In most cases, yes, you should combine your websites into one main domain. This includes combining all separate top-level domains, as well as any sub domains.
That being said, each case is different, so you should do some good planning before under taking a major change like this.
Let’s say, for example, you have a separate website for every city you serve. Likely, this was done with the intention to rank one website in organic search results for queries like “Austin pool renovation” and another website to rank for “San Antonio pool renovation.”
What you or your marketing agency thought was a clever strategy, likely isn’t working as planned. And you are not currently, or never were getting the traction you planned from this strategy.
In fact, Google pretty clearly says not to create separate sites, or as they refer to them as “doorways”.
Here are some examples of doorways:
- Having multiple domain names or pages targeted at specific regions or cities that funnel users to one page
- Pages generated to funnel visitors into the actual usable or relevant portion of your site(s)
Verify, with data, whether or not your strategy is paying off.
Allyou’ll need to do is look at your Google Analytics and/or Google Search Console, and check whether or not you’re seeing the intended results. If you’re ranking well, and have been getting expected returns and improving, by all means, leave the sites as they.
If you are not seeing the results you’d expect, which is likely why you’re reading this, combine the sites into one main website.
In most cases, the strategy of separating websites for different local based searches, does not have a good return on investment. ROI can be subjective, but you should consider all of the costs associated with running these “satellite” sites.
Consider the costs of hosting, domain registration, labor costs to continually update the server and web software to keep it secure, and any other licensing costs. Also consider the time dealing with these things, and the opportunities lost to spend time making one site better.
Instead of having a website for every city or service you offer, combine them, and create one page for each city and service.
How do I get the best SEO boost when combining sites?
First step, start with a plan.
You’re going to move each domain one by one, and in some cases page by page or section by section. This can be tedious work, but the long-term benefits far outweigh the upfront labor.
The most important step to ensure your SEO efforts are not lost, is to have a 301 redirect list created and implemented.
A 301 redirect list is simply a list of URLs from the old site, matched up with new URLs on your main site. This is done to ensure that when either users or search engines visit an old page, they are immediately redirected to the relavent new page on the main site.
Every page that has a match needs a redirect. If there is no corresponding page on the main site, in most cases you’ll want to create a new page. If you want to drop a page, it isn’t necessary to redirect it if you do not need any longer. You can just allow those to return 404s, and forget about them.
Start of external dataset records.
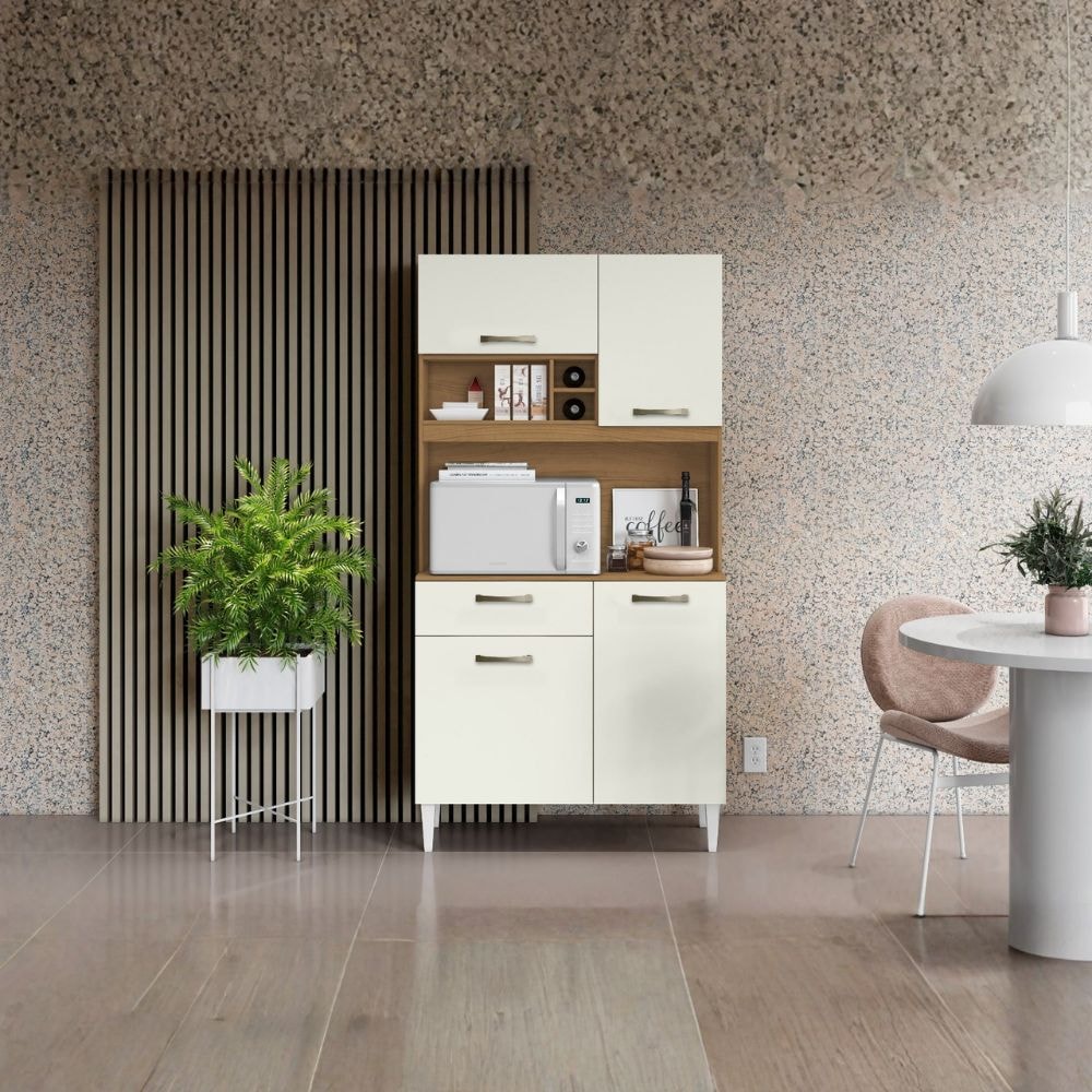Kit Cozinha Compacta 4 Portas Malva Roma 91 cm Atacama Off White ARMoveis
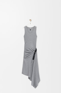 Dress in lightweight stretch ribbed cotton featuring an asymmetric silhouette with a draped front and a leather belt at the side. - Regular fit, mid length - Scoop neck - LOEWE engraved D-ring, Anagram embroidery placed at the back Colour: Grey Melange Main material: Cotton/elastane Weight: 0.24 kg Made in: Portugal Materials & care Main Material: 97% cotton 3% elastane
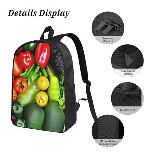 • Perfectly Sized: fresh vegetables fruits print 3PCS Backpack for Men Women brings thoughtful design with a 12.6x5.1x17 in backpack, 7.9x3.5x4.8 in insulated bag, and 8.7x1.8x4.3 in pencil pouch to keep things organized and tidy.
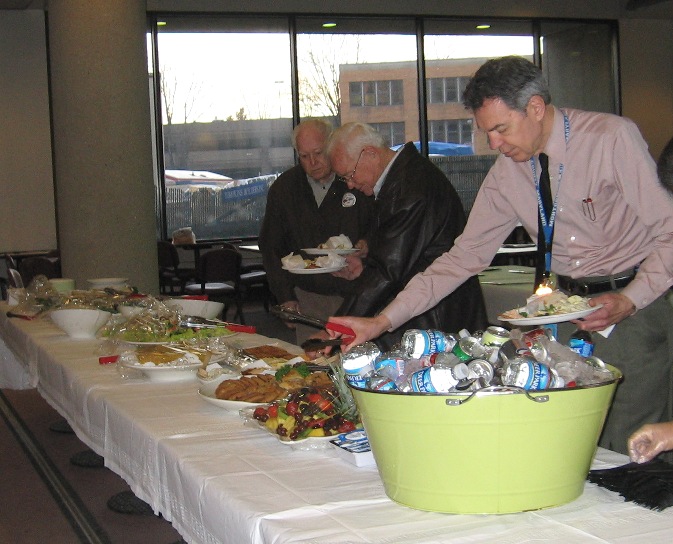 Light dinner was served (assotrment of sandwiches, two types of pastas, soda, water and coffee, at tray of fruit and cookies).
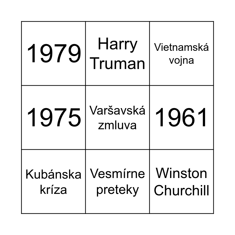 This bingo card has a free space and 8 words: 1961, Vietnamská vojna, Harry Truman, Kubánska kríza, 1979, Winston Churchill, 1975 and Vesmírne preteky.
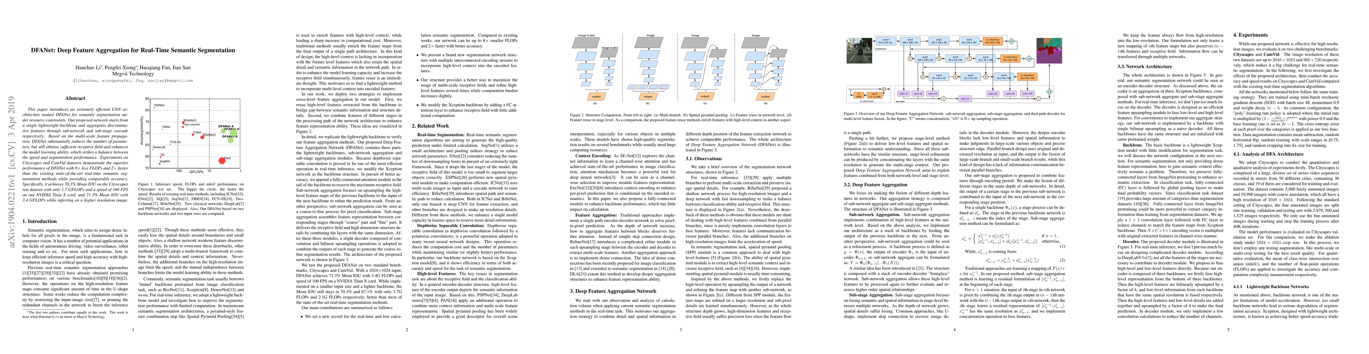 DFANet is a highly efficient CNN architecture designed for real-time semantic segmentation under resource constraints, utilizing a lightweight backbone and feature aggregation techniques to achieve a balance between speed and performance. It demonstrates superior results on Cityscapes and CamVid datasets, achieving 8× fewer FLOPs and 2× faster speed compared to existing methods while maintaining comparable accuracy.

You’ll need to make sure the old site is hosted and returning either 301s or 404s for some time to allow search engines to update. Any websites with inbound links to your site acquired over time should be notified with the new address where possible.
After setting up your redirects, they should be tested thoroughly, and the next step is to update any sitemaps you have on the main domain and submit the sitemaps to search engines.
You can resubmit your sitemap in Google Search Console and Bing Webmaster Tools when all of your testing is complete.
Those are the three main concerns that will help transfer domain authority to your combined main site from your old sites: 301 redirects, link reclamation, and updated sitemaps.